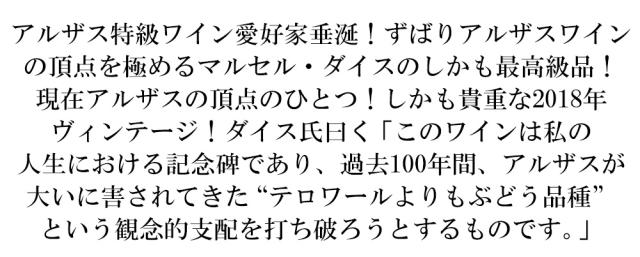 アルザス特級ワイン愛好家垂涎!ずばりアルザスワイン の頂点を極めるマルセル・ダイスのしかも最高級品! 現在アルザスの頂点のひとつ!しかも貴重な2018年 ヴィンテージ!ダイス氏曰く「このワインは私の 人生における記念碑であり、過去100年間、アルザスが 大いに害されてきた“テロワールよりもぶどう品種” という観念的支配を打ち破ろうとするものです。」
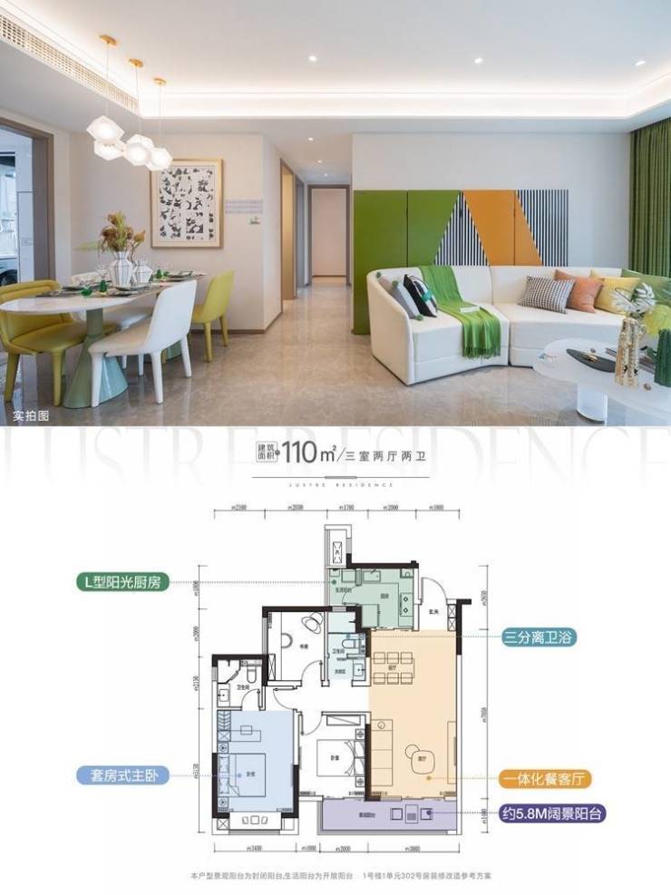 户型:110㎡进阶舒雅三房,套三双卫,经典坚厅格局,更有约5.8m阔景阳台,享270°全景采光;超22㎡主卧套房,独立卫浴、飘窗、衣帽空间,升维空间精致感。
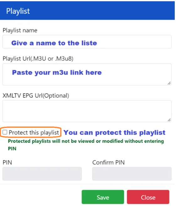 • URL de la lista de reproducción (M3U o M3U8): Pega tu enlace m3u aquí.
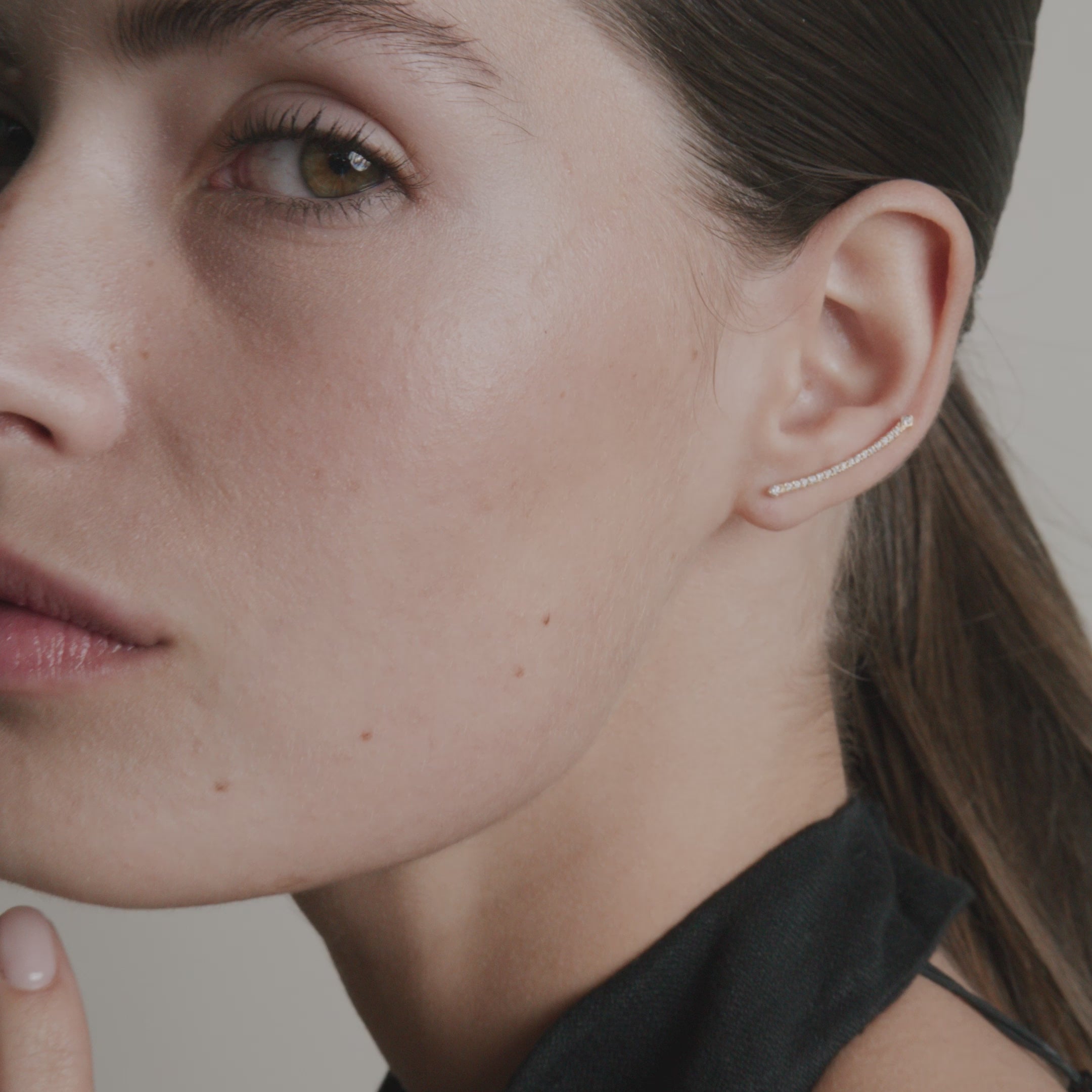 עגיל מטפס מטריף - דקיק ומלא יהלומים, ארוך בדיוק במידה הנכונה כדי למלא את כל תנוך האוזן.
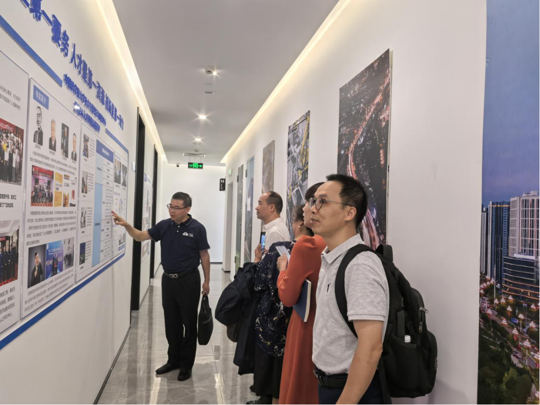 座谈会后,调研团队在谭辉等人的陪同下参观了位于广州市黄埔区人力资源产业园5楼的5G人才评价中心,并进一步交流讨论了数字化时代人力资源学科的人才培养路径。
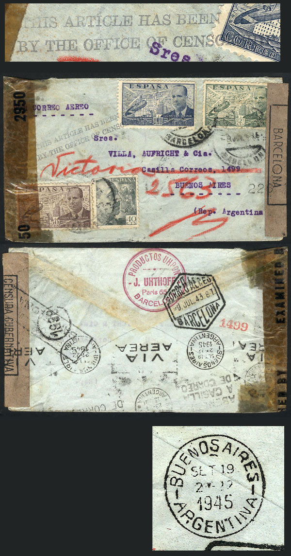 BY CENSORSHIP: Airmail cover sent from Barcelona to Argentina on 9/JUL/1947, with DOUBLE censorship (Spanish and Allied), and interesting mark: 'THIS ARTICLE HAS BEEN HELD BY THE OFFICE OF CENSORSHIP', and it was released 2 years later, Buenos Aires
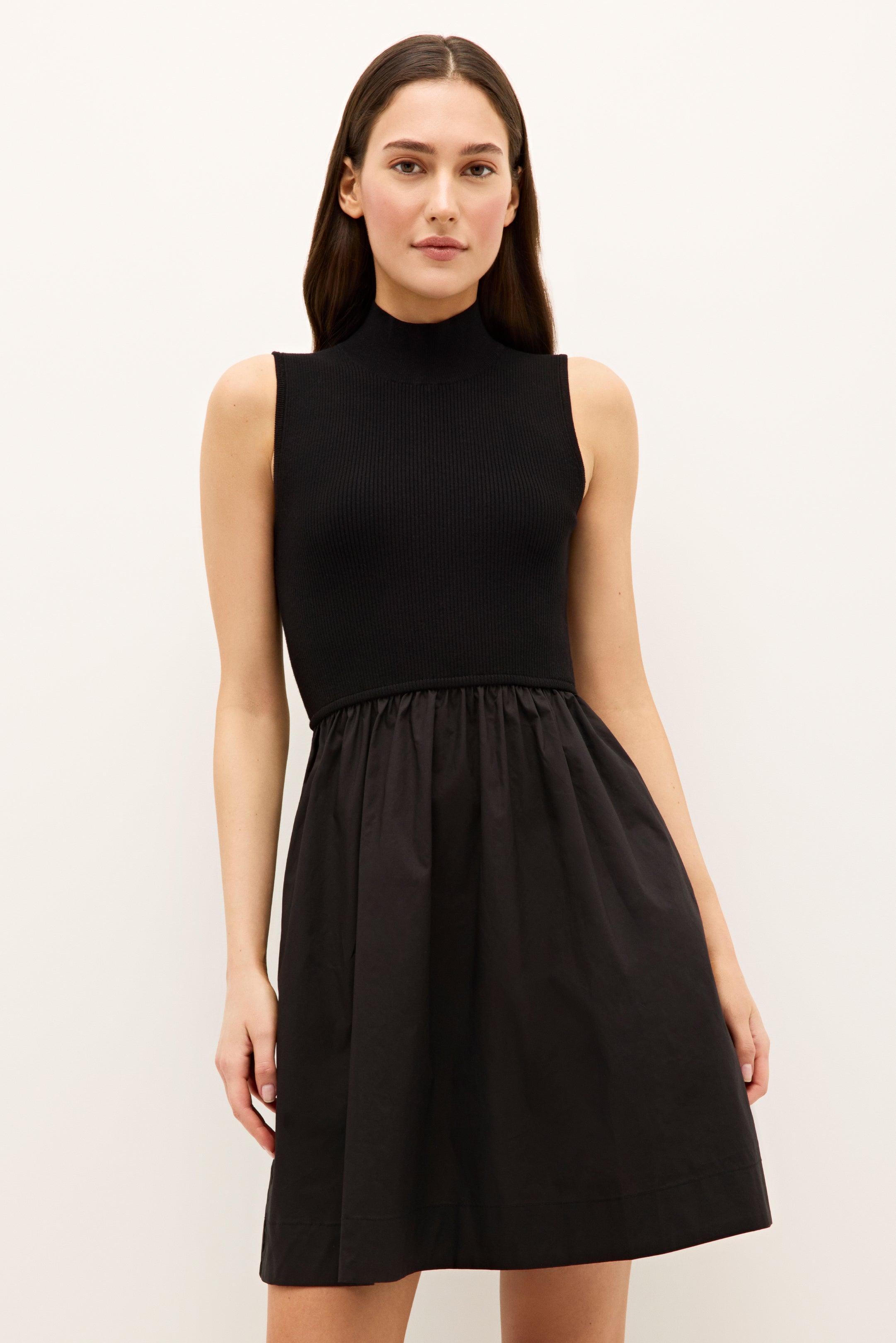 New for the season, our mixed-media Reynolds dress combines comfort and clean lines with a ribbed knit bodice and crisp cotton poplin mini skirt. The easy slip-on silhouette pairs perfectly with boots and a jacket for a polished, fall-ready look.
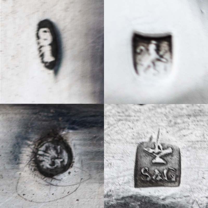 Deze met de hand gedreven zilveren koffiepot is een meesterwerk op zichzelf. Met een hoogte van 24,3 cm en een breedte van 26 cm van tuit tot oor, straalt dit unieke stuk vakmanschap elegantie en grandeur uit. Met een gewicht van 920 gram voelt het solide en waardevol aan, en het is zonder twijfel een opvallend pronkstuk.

* * *

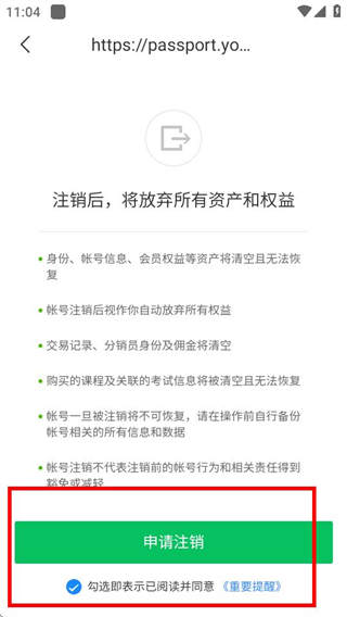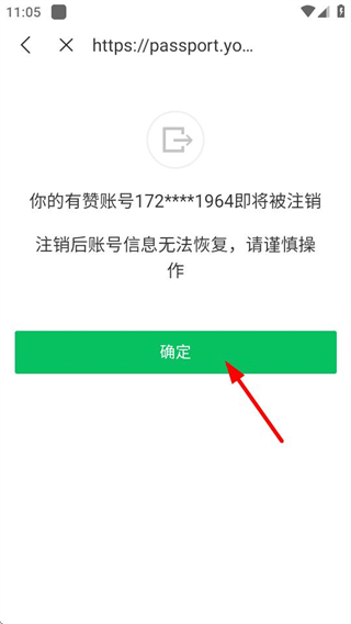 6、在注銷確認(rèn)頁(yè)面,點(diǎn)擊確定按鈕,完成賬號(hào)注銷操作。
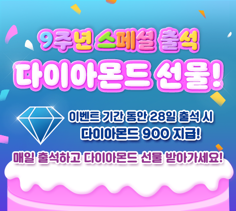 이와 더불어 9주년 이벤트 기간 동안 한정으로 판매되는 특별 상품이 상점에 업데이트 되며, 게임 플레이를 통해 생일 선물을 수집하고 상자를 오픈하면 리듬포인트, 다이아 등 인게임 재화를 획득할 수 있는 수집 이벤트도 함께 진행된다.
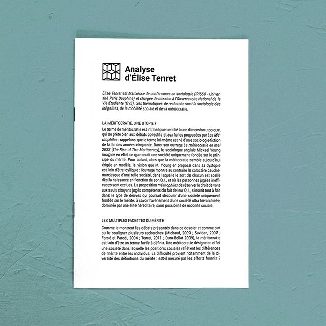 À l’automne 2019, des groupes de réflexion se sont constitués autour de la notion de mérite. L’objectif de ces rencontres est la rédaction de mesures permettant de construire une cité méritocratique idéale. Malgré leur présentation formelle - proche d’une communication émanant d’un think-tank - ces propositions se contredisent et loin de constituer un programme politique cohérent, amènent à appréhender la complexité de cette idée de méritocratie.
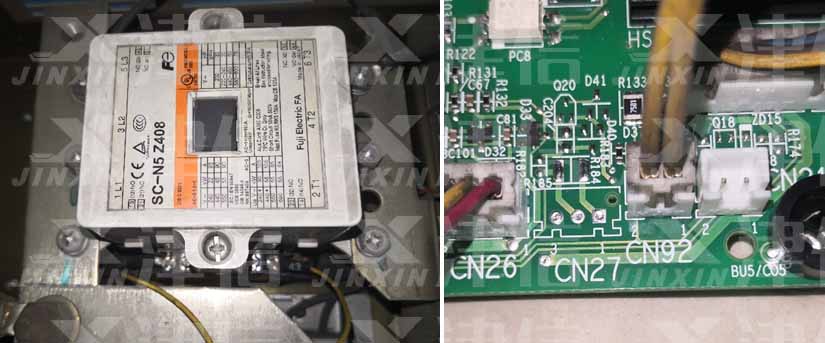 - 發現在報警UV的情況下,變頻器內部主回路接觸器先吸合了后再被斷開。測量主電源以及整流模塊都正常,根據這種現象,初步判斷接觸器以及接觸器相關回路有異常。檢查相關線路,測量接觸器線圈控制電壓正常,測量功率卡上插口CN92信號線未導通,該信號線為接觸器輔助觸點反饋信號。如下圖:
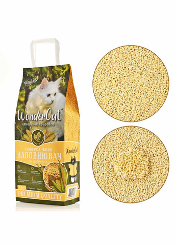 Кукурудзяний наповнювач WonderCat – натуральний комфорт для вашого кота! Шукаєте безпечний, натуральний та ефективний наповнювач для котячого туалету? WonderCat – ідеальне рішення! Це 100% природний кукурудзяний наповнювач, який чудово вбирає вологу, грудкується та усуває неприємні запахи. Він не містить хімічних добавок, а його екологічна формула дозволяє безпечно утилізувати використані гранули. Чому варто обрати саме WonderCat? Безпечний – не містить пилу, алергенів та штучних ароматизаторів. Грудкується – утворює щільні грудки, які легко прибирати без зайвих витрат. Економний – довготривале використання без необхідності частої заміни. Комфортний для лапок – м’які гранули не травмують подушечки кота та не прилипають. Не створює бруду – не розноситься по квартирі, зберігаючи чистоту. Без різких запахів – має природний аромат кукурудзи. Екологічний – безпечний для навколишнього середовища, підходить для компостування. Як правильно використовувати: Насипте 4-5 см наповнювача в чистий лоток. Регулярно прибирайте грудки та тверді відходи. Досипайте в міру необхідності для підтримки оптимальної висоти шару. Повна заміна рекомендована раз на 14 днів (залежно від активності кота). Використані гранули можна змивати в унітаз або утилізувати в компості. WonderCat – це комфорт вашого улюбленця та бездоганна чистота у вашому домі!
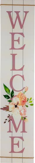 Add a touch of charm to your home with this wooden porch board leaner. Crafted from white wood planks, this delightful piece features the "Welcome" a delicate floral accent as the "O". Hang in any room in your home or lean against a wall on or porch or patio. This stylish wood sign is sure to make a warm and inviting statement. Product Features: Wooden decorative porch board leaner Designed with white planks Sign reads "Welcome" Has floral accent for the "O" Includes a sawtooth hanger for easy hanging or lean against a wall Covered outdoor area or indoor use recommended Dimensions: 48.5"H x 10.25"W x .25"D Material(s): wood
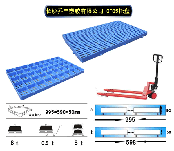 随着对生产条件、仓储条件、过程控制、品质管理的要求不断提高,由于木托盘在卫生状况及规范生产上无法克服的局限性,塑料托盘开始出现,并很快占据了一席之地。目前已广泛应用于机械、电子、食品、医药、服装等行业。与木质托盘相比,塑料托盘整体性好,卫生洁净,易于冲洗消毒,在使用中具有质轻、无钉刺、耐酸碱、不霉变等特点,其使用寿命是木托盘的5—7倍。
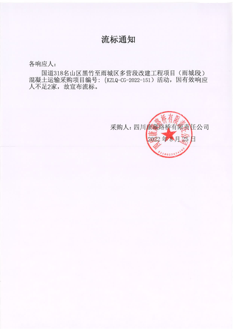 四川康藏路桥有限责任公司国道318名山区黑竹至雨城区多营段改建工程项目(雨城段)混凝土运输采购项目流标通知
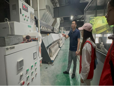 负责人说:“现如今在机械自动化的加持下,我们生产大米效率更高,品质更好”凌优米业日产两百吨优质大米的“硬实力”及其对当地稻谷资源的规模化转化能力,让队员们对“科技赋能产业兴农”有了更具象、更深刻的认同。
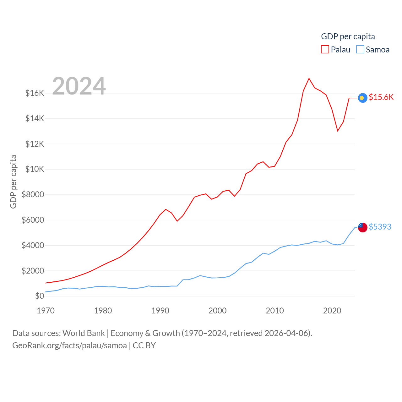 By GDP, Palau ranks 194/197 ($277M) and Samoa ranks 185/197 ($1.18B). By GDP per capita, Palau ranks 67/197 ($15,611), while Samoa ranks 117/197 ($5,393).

--

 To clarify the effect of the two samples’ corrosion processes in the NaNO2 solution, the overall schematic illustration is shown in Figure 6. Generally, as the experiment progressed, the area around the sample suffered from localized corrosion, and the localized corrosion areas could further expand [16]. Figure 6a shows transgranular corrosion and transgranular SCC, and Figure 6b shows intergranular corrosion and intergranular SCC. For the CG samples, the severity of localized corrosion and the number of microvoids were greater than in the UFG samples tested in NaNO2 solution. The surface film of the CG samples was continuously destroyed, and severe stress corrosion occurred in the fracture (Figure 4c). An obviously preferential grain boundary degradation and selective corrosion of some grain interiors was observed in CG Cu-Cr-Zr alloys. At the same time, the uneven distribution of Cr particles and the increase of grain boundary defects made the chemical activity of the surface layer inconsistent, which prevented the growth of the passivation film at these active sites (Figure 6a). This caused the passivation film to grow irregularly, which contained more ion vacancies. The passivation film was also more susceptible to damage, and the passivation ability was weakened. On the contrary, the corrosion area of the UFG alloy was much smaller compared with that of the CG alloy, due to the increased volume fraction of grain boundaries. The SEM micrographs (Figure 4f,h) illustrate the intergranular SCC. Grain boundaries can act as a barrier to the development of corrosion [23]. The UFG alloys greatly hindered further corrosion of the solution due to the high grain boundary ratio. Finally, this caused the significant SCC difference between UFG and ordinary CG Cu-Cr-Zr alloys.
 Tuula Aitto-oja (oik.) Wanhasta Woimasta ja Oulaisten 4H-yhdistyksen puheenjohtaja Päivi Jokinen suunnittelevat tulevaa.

The task:
Print exactly, with no pictures, the lines above from the one that holds "Add a touch" through the one that holds "四川康藏路桥有限责任公司国道", both of them included.

Answer below:
 Add a touch of charm to your home with this wooden porch board leaner. Crafted from white wood planks, this delightful piece features the "Welcome" a delicate floral accent as the "O". Hang in any room in your home or lean against a wall on or porch or patio. This stylish wood sign is sure to make a warm and inviting statement. Product Features: Wooden decorative porch board leaner Designed with white planks Sign reads "Welcome" Has floral accent for the "O" Includes a sawtooth hanger for easy hanging or lean against a wall Covered outdoor area or indoor use recommended Dimensions: 48.5"H x 10.25"W x .25"D Material(s): wood
 随着对生产条件、仓储条件、过程控制、品质管理的要求不断提高,由于木托盘在卫生状况及规范生产上无法克服的局限性,塑料托盘开始出现,并很快占据了一席之地。目前已广泛应用于机械、电子、食品、医药、服装等行业。与木质托盘相比,塑料托盘整体性好,卫生洁净,易于冲洗消毒,在使用中具有质轻、无钉刺、耐酸碱、不霉变等特点,其使用寿命是木托盘的5—7倍。
 四川康藏路桥有限责任公司国道318名山区黑竹至雨城区多营段改建工程项目(雨城段)混凝土运输采购项目流标通知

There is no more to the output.